I decided to write the post below after Scott Dauenhauer, a financial planner I admire, sent me a link from an annuity firm that rails against all the bad press that Equity Index Annuities have deservedly been receiving. After you read the spiel, I hope you’ll be as appalled as I was. (Though I wasn’t surprised.)
An elderly woman, who lives in our community, learned not too long ago that she needed dentures. She had enough cash to pay for the new teeth, but she discovered that her money, while technically hers, couldn’t be touched.
The bad guy in this pitiful case was an insurance company, which had capitalized on an ingenious way to make money off an easy mark. What the woman with the bad molars bought was an equity indexed annuity. Promoters attract unsophisticated investors by suggesting that buying an EIA is like owning a handful of magic beans and a golden goose. An EIA, they say, will allow you to enjoy stock market gains without facing any of the risks. After listening to the spiel, it would be easy to conclude that only a chump would continue to invest in mutual funds or individual stocks. If you dump your money into one of these annuities instead, your EIA flak jacket will withstand all the nasty stuff that Wall Street tries lobbing at you.

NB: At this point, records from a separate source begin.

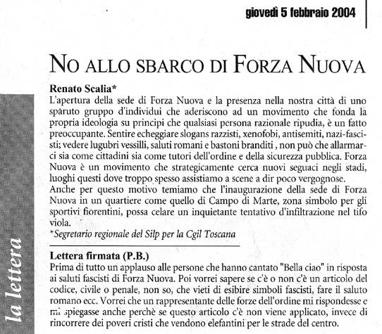 Lettera su Forza Nuova dall'Unitą Firenze e Toscana
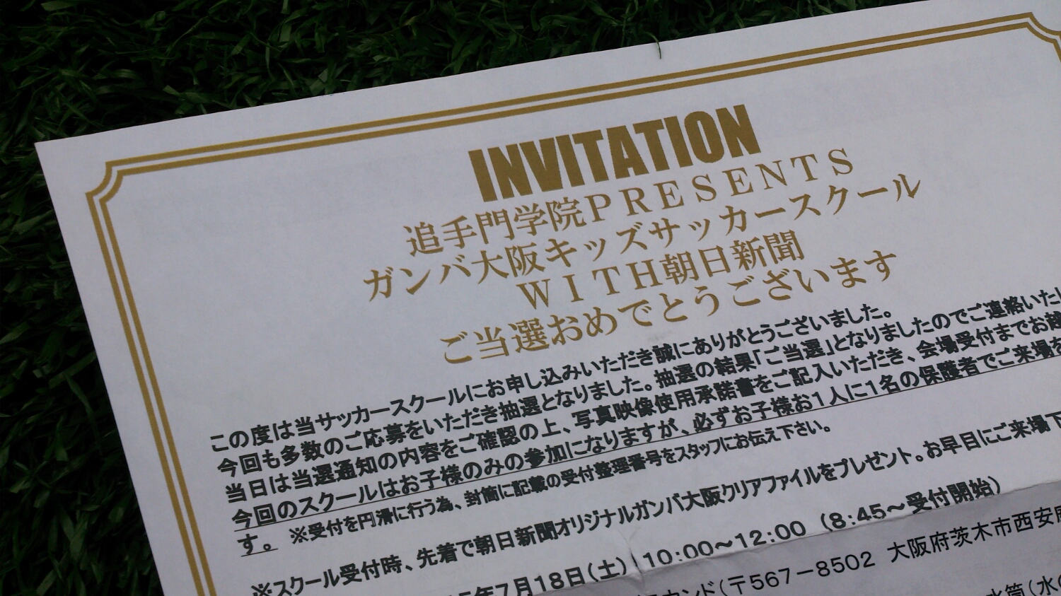 申し込んでいたサッカースクールに当たって電車で出かけた。
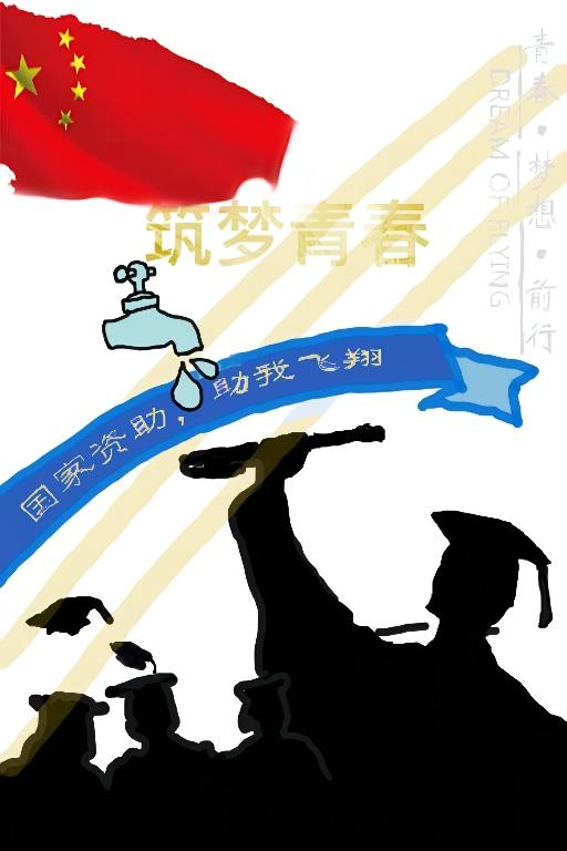 感恩在国家的政策帮助下,学子们可以放飞青春,顺利度过大学生活,画中,国家犹如水龙头般,一点一滴,帮助学子毕业,得已筑梦青春。
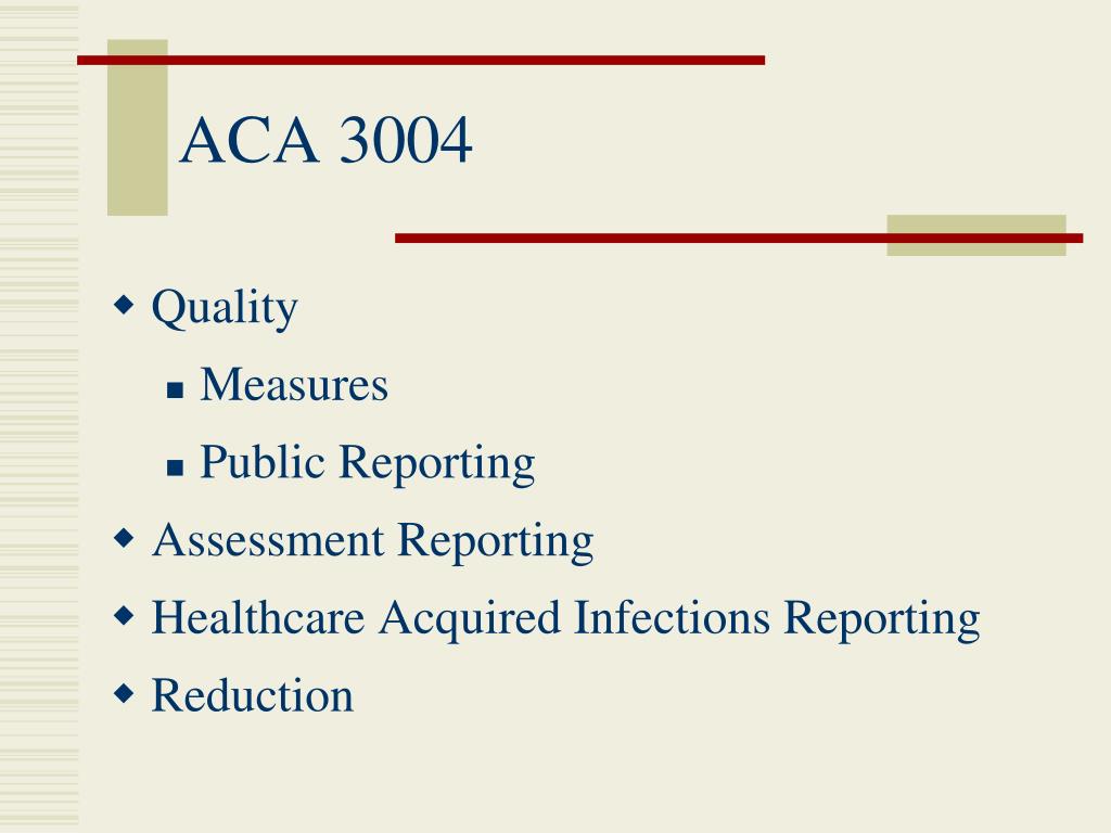 ACA 3004 • Quality • Measures • Public Reporting • Assessment Reporting • Healthcare Acquired Infections Reporting • Reduction
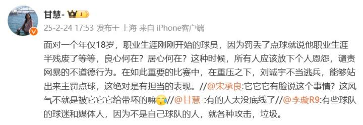 记者甘慧回复道:“面对一个年仅18岁,职业生涯刚刚开始的球员,因为罚丢了点球就说他职业生涯半残废了等等,良心何在?居心何在?这种时候,所有人应该放下个人恩怨,谴责网暴的不道德行为。在如此重要的比赛中,在重压之下,刘诚宇不当逃兵,能够站出来主罚点球,这绝对是有担当的表现。”
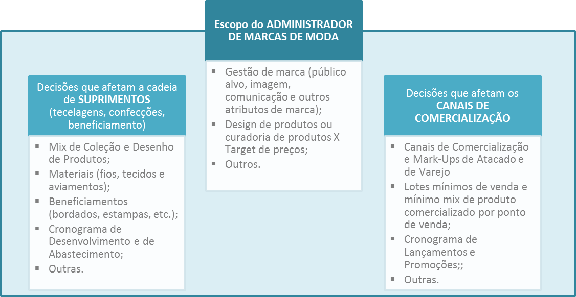 A escolha de concentrar canal de distribuição ao consumidor em sua estrutura ou delega-lo a terceiros impacta em diferentes estruturas de investimento, risco e retorno, que fazem parte da estratégia individual de cada marca. Porém, mesmo quando não concentram o canal de vendas ao consumidor, os Administradores de Marcas ainda detêm a governança da cadeia, pois definem suas principais regras de funcionamento, como ciclos de lançamento, mix de produtos, preços e margens, entre outras (figura 4).
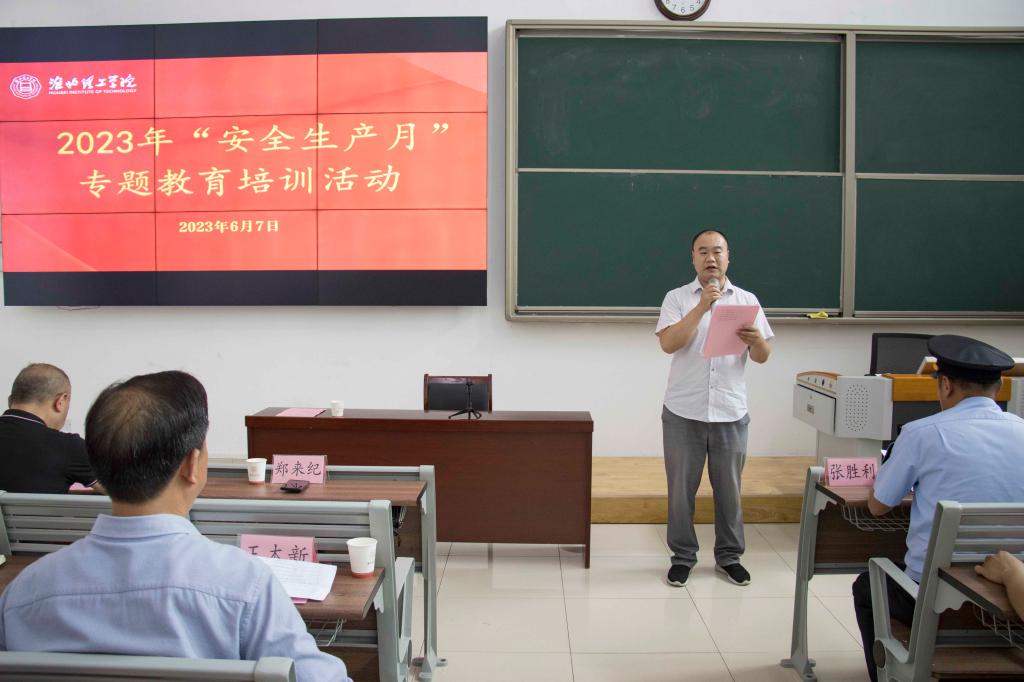 6月7日下午,Beat365官网开展“安全生产月”专题教育培训,杜集区市场监管局局长张胜利莅临学校指导。学生处、后勤保卫处、校长办公室主要负责人及各二级学院书记助理,食堂、物业、商业街等第三方服务人员以及学生代表200多人参加活动。
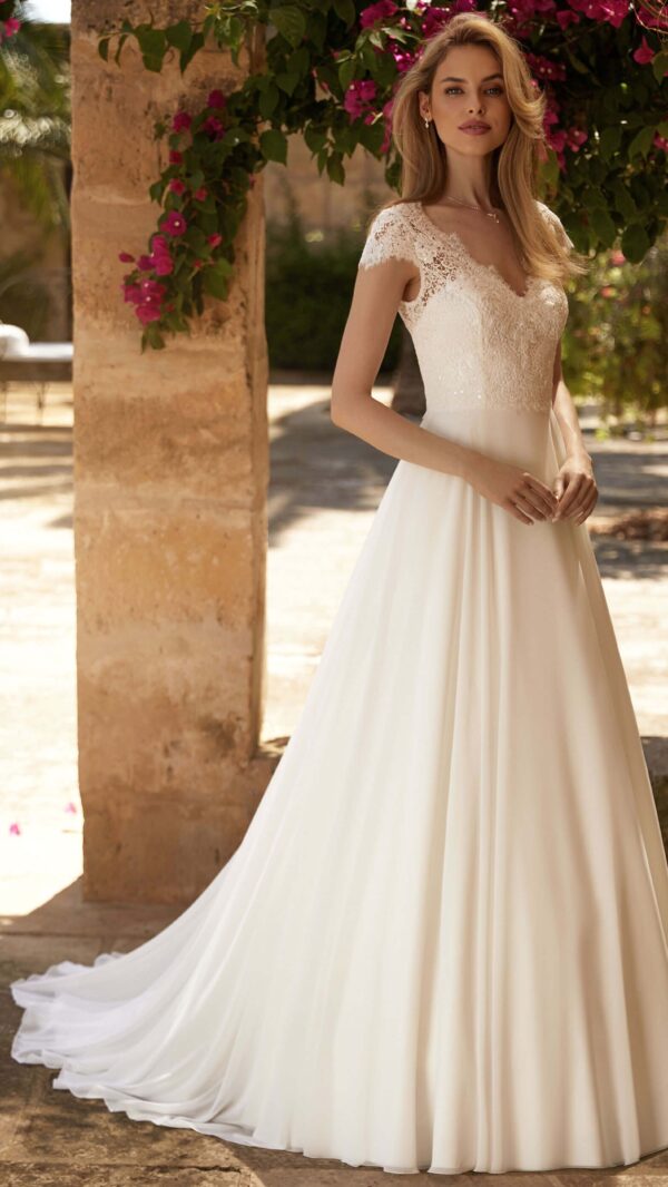 Paula est une robe de mariée trapèze avec de jolies manches courtes. Cette robe de mariée, faite en dentelle et en mousseline, séduit grâce à son décolleté en V.
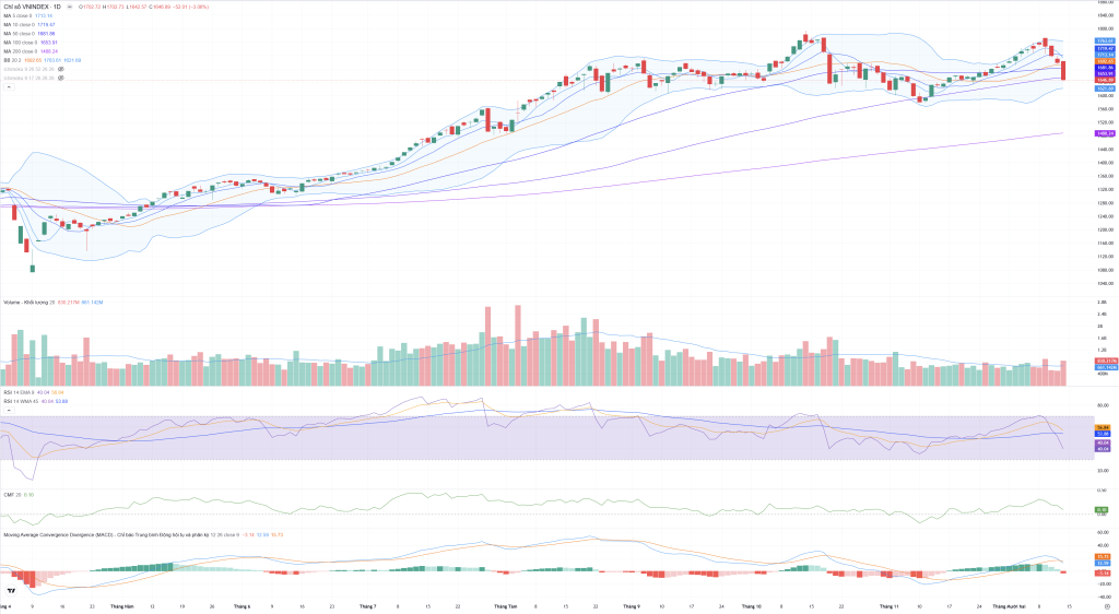 Thanh khoản (Volume): Khối lượng giao dịch (Volume = 830.217M) đã tăng vọt và cao hơn đáng kể so với đường trung bình 20 phiên của Volume (SMA20 = 661.142M). Khối lượng lớn đi kèm với giá giảm mạnh xác nhận áp lực bán tháo đã diễn ra trên diện rộng và đà giảm là đáng tin cậy.
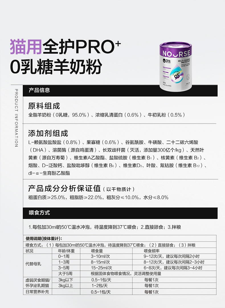 猫用营养补充剂 全护PRO+0乳糖羊奶粉(95%羊奶配方)
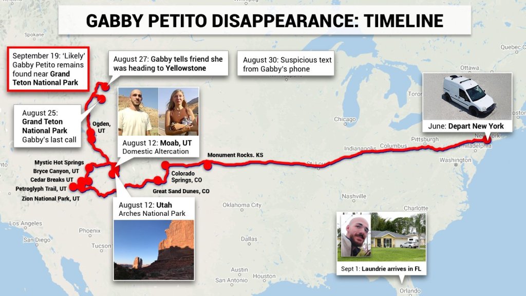 Op 25 augustus gaf Petito voor het laatst een update over de reis. Enkele dagen later kwam Laundrie in zijn eentje met hun auto terug in zijn woonplaats in Florida. Ondanks aandringen van haar ouders weigerde hij te zeggen waar Petito was gebleven. Op 11 september gaven haar ouders haar als vermist op.
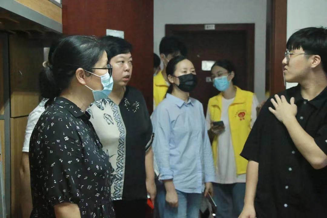 9月3日下午,由中文学院党委书记王海红带队,副书记曹笑玮、学工办主任朱越男以及20级辅导员丁玲等一行人,一同前往我院专升本新生寝室进行走访。领导老师们关心并了解了新生报到及入住的情况,并再次对他们的到来表示热烈欢迎。
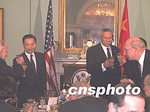 會見后,溫家寶出席了鮑威爾舉行的歡迎宴會。李肇星等中方陪同人員和美國財政部長斯諾、總統(tǒng)國家安全事務(wù)助理賴斯等出席。完
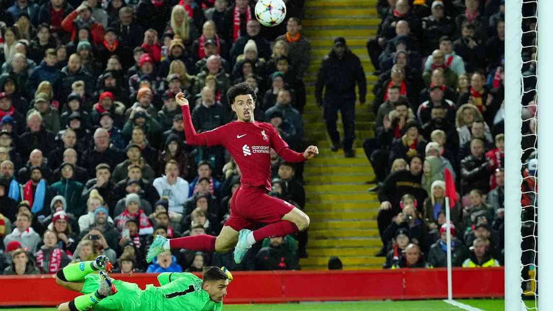 Napoli's goalkeeper Alex Meret makes a save in front of Liverpool's Curtis Jones during the Champions League Group A soccer match between Liverpool and Napoli, at Anfield stadium in Liverpool, England, Tuesday, Nov. 1, 2022. (AP Photo/Jon Super) Jon Super AP
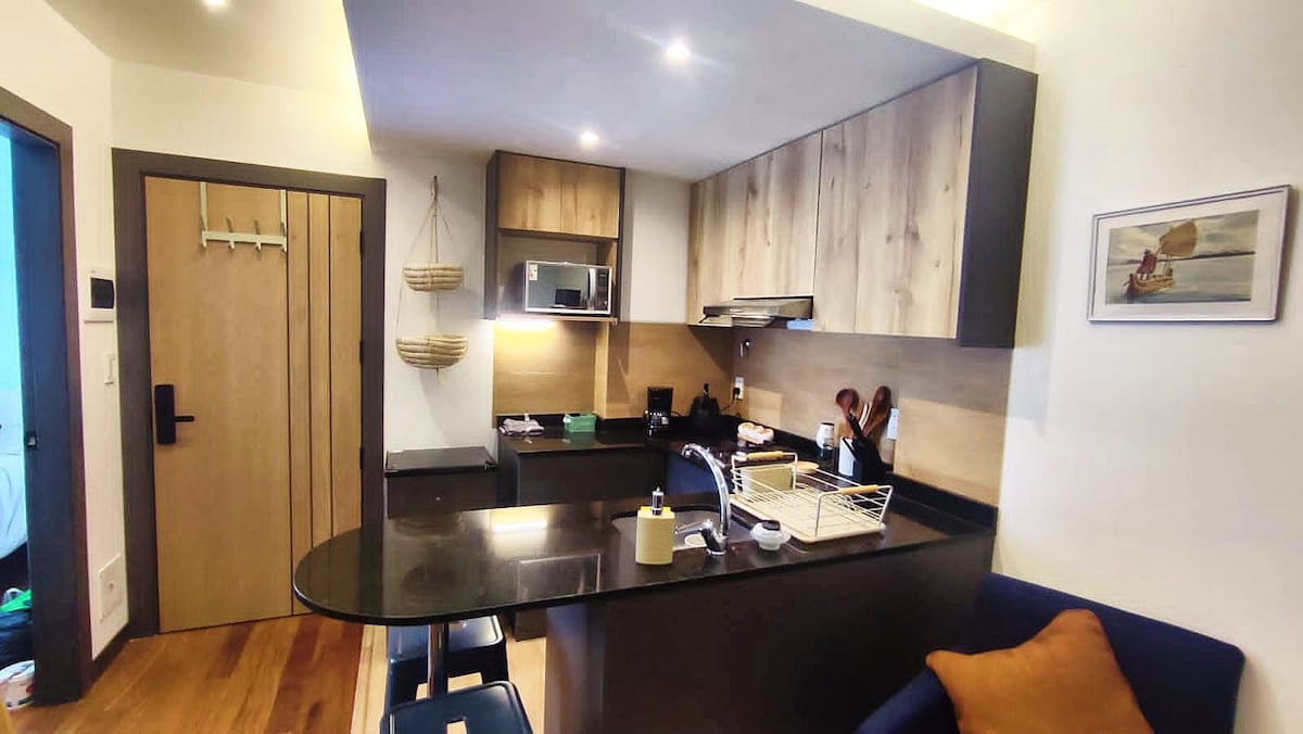 El departamento es encantador! La habitación cuenta con material de línea hotelera para un descanso confortable, la cocina y sala cuentan con todas las comodidades necesarias. La iluminación es perfecta! El departamento se encuentra en una zona completamente segura y centrica, a pasos de supermercados, embajadas, hospitales, bancos, cine, estaciones de teleférico, cafeterías, centros comerciales, bares de rock, discotecas, etc.

In reality, however, EIAs aren’t a miracle investment. And they certainly aren’t risk free for those who experience buyer’s remorse. Hidden inside these things are incisors that can tear a customers’ investment apart if they decide to bolt.
EIAs are actually complicated insurance products that are being marketed to senior citizens, who are terrified by stock market losses. The upside potential for EIAs, say the salesmen, is great, but if the markets crash, an EIA’s return can’t dip into negative territory. These annuities guarantee a base annual return for the length of the contract, which is often 3%.
One drawback to EIAs is their complexity. While many EIAs, for instance, are partially linked to the fortunes of the Standard & Poor’s 500 Index, there are plenty of ways that an insurer can shrink the annuity’s return. For starters, a customer might be promised a 50%, 70% or even 100% share of the S&P 500’s annual performance. But that’s misleading because an EIA excludes the S&P 500’s dividends as part of the return. Insurers also often put caps on the returns that you can capture. Just how much the performance will shrink can depend on which of the dozens of crediting methods that an insurer uses. “There are probably 100 different ways to credit interest in an EIA and you literally need a degree in industry methodology to understand,” suggests Scott Dauenhauer, CFP, who is president at Meridian Wealth Management in Laguna Hills, CA.
Critics contend that many of the best-selling EIAs rely on crediting calculations that provide customers with the most anemic returns. Why would someone recommend an EIA that stinks up the room? Hmm. Would it shock anybody out there when I said that some insurance agents routinely select the EIAs that provide the highest commissions for themselves? Many popular EIAs pay agents 8%, 10% or higher. Some lucky guys can even get 12% on a sale.
Because the sales commissions are so generous, insurance companies need the buyers to stay put for a long period of time so the insurers can recoup what they paid the agents. They keep customers in their seats by hitting them with surrender charges if they try to bolt. EIAs, however, will typically allow investors to pull out 10% a year without a penalty. Surrender periods will sometimes last longer than the clients. Imagine a 80-year-old widower buying an EIA that locks up her cash for 15 years. It was one of these lengthy lockup periods that tripped up the woman needing dentures.
Ronald A. Marron, an attorney in San Diego, who has filed numerous lawsuits against EIA insurance providers, including two class action suits, says he’s seen surrender charges as high as 25%. But Marron insists that ditching an EIA can involve more than paying the surrender costs. He says one of his clients, who sunk $1.495 million into an EIA, would have had to pay $263,000 to bail after being hit with a double whammy—a surrender penalty and something called a market value adjustment charge.
There are other reasons why EIAs are troubling. Insurance agents, who don’t possess securities licenses, are forbidden from selling stocks, bonds, mutual funds or even a lowly certificate of deposit. They can, however, sell all the EIAs they want thanks to the way they are regulated. The U.S. Securities and Exchange Commission and the NASD don’t consider EIAs to be an investment–at least not yet. Consequently, these regulators don’t have the authority to tell agents, who often market EIAs through free seminars, what they can or can’t do even if the advice is reckless. Some EIA promoters, for instance, are urging people to refinance their houses or take out reverse mortgages so they can free up cash to buy EIAs. Obviously, that’s just nuts. The NASD did issue an investor alert on EIAs last year, which you can find on the regulator’s web site (www.nasd.com). It’s also auditing EIA practices at some brokerage firms, while the SEC is conducting its own investigation.
The NASD urges investors to understand how a particular EIA works before buying one. But that’s a recommendation that even the people selling these complex annuities could have trouble following.